Description of the task: Your copy should contain exactly the lines from the start of the material through the line containing "Wilde Cigarillos Havana- und", and no pictures.

Working data:

-- Opening Marker --

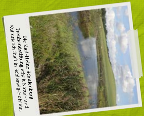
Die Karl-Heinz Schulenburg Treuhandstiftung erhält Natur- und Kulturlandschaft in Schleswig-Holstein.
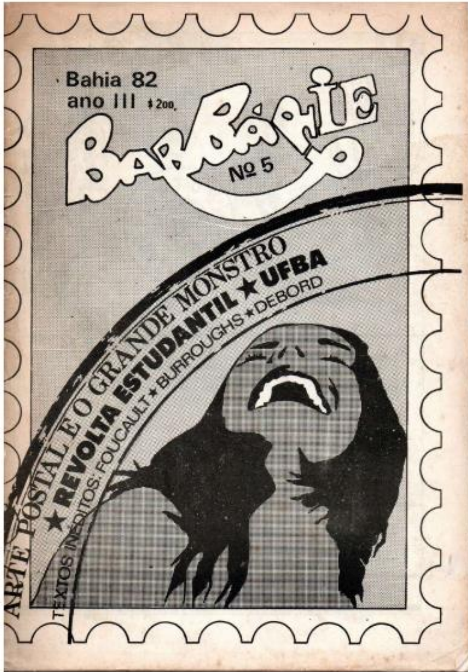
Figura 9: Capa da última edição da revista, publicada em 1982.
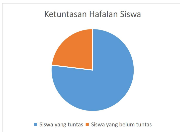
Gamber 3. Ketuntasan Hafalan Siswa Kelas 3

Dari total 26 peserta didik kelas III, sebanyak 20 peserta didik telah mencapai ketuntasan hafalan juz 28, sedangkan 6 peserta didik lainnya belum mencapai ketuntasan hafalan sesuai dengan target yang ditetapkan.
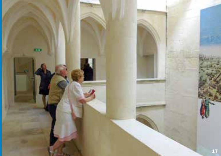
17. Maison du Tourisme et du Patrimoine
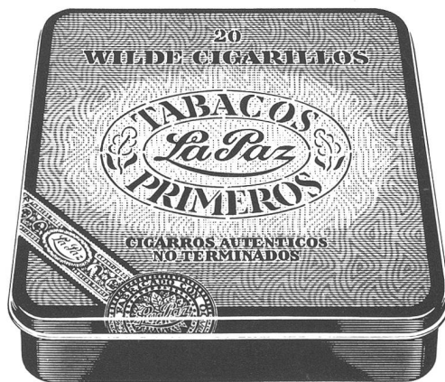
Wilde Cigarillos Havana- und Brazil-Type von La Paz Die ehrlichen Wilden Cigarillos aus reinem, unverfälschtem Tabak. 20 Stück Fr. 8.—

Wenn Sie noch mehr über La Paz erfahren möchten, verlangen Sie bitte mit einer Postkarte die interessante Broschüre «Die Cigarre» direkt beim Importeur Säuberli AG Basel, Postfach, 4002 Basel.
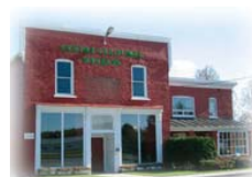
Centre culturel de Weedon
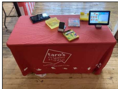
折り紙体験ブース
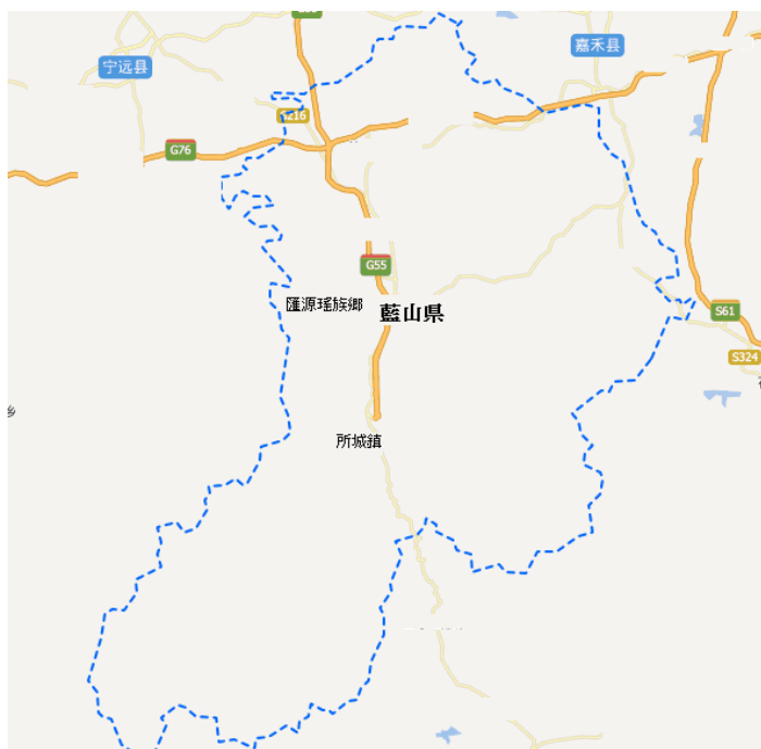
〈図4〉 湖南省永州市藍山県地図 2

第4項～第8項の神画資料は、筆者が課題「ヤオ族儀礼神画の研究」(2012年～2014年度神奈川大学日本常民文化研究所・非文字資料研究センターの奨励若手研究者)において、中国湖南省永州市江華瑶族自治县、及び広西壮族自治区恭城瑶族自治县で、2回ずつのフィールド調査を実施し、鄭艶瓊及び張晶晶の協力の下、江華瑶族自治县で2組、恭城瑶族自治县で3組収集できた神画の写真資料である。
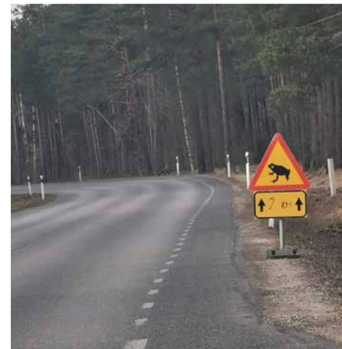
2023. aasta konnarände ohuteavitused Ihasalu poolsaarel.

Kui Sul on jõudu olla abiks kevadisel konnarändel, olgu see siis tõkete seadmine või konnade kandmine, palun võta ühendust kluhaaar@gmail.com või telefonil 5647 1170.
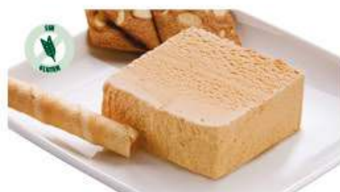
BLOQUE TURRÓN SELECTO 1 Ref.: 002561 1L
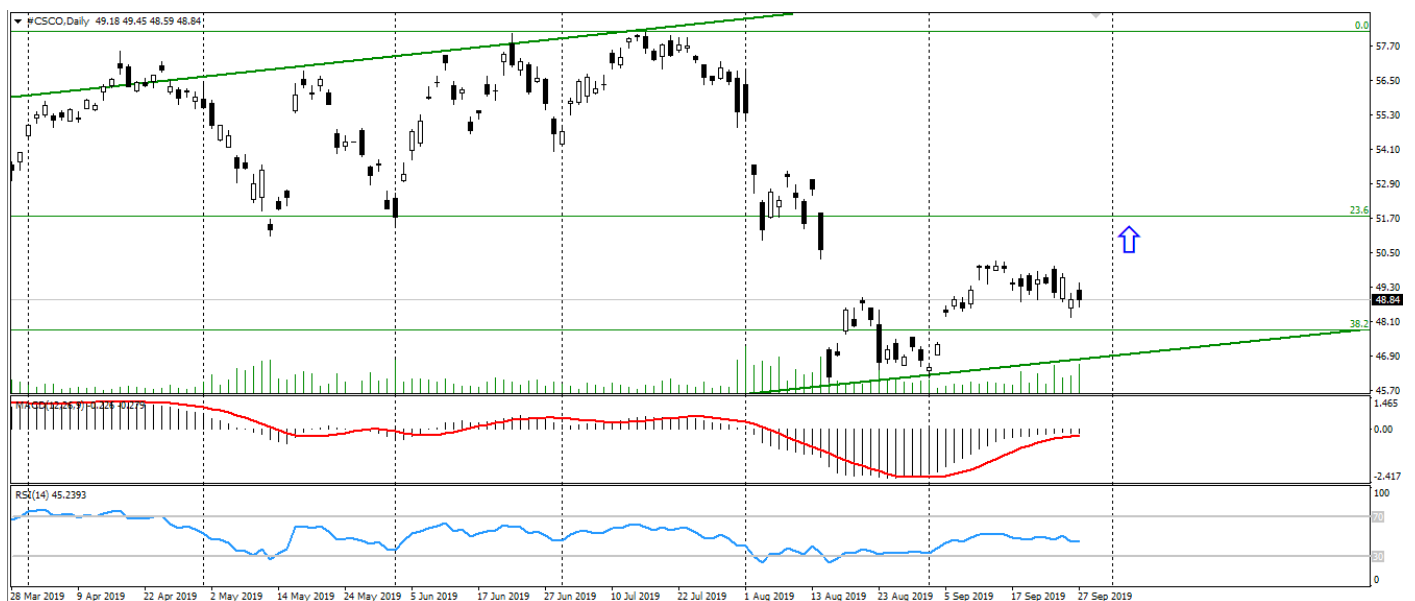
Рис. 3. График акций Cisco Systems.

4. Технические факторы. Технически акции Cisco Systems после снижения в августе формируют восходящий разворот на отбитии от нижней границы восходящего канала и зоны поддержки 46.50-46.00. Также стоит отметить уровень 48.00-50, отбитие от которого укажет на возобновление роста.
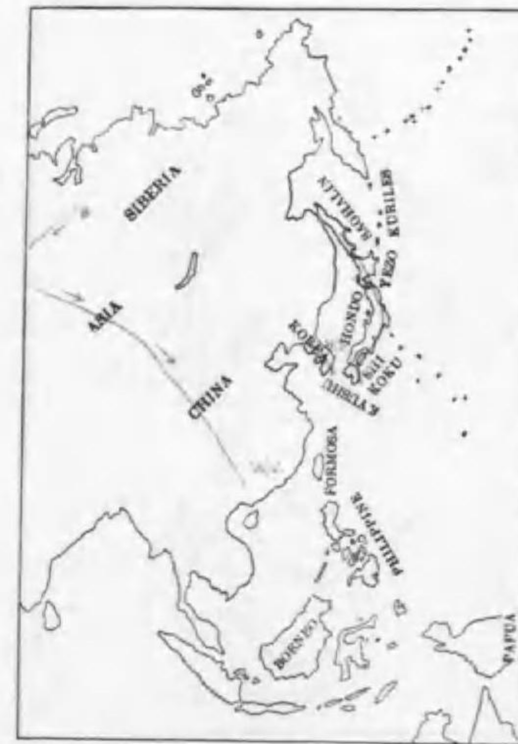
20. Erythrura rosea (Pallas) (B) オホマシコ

-- Closing Marker --

Result of this exercise:
Die Karl-Heinz Schulenburg Treuhandstiftung erhält Natur- und Kulturlandschaft in Schleswig-Holstein.
Figura 9: Capa da última edição da revista, publicada em 1982.
Gamber 3. Ketuntasan Hafalan Siswa Kelas 3

Dari total 26 peserta didik kelas III, sebanyak 20 peserta didik telah mencapai ketuntasan hafalan juz 28, sedangkan 6 peserta didik lainnya belum mencapai ketuntasan hafalan sesuai dengan target yang ditetapkan.
17. Maison du Tourisme et du Patrimoine
Wilde Cigarillos Havana- und Brazil-Type von La Paz Die ehrlichen Wilden Cigarillos aus reinem, unverfälschtem Tabak. 20 Stück Fr. 8.—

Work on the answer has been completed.